Given below is a single node in a neural network. Supposing that d is 4, x={5,2,4,2}, and w={0.4,0.3,0.4,0.1}, b=0.1, and that the activation function is a standard ReLU, that is

=max(0,x), where x is the input to the activation function.

 

(a) What is the output of this node? [2 marks]

(b) Describe the difference between, recognition and detection in terms of how you would use a Deep Convolutional Network to solve the problem? [2 marks]

(c) In the VGG convolutional neural network, the first layer (CONV1) adopts a set of 3x3 filters for convolution, followed by a ReLU, then the second layer (CONV2) similarly adopts 3x3 Convolution filters, followed again by a ReLU. For the output of a single    location (node) in CONV2, how many pixels of the input image would impact on the   result? (i.e., if you changed the pixel values). [2 marks]

(d) You could remove one of these layers from the network, perhaps modifying the other.

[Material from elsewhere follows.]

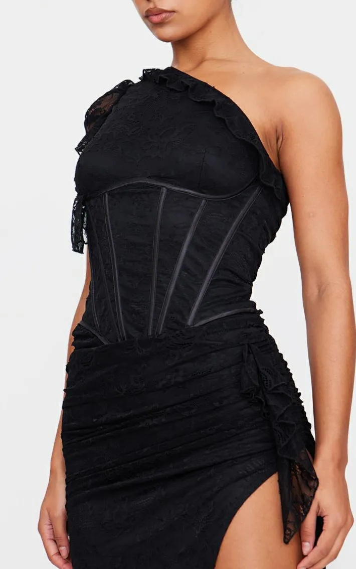 Turn heads and be center of attention with this black lace corset detail one shoulder midaxi dress. Brought to you in a black lace material with a corset detail and a one shoulder design, you are sure to feel chic in this midaxi dress. Team with a pair of heels and your fave accessories to finish off the look everyone is obsessing over.
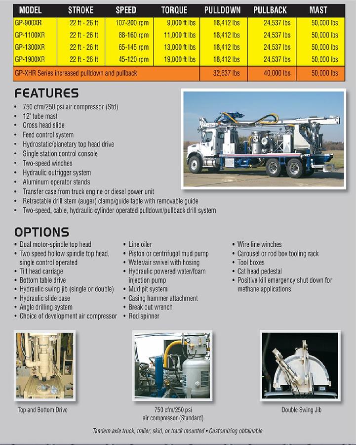 - Two-speed, cable, hydraulic cylinder operated pulldown/pullback drill system

Would this have an impact on the quality of the learning? Explain your answer in at most a few sentences. (Note that multiple answers are possible to this question, state any assumptions you make). [2 marks] 

Q9: (2 marks) (questions with short answers) Given adataset that consists of images of the Eiffel Tower, your task is to learn a classifier to detect the Eiffel Tower in new

images. You implement PCA to reduce the dimensionality of your data, but find that

your performance in detecting the Eiffel Tower significantly drops in comparison to

your method on the original input data. Samples of your input training images are given in the following figures. Why is the performance suffering? [hints: describe in two

sentences.]

Q10: (10 marks) (algorithm design) Turn your phone into a GPS in an art museum or a library. GPS usually does not work well in an indoor environment. The goal of designing this algorithm is to localise your position by taking a few images around you in the museum. Please Briefly describe the key steps of your method.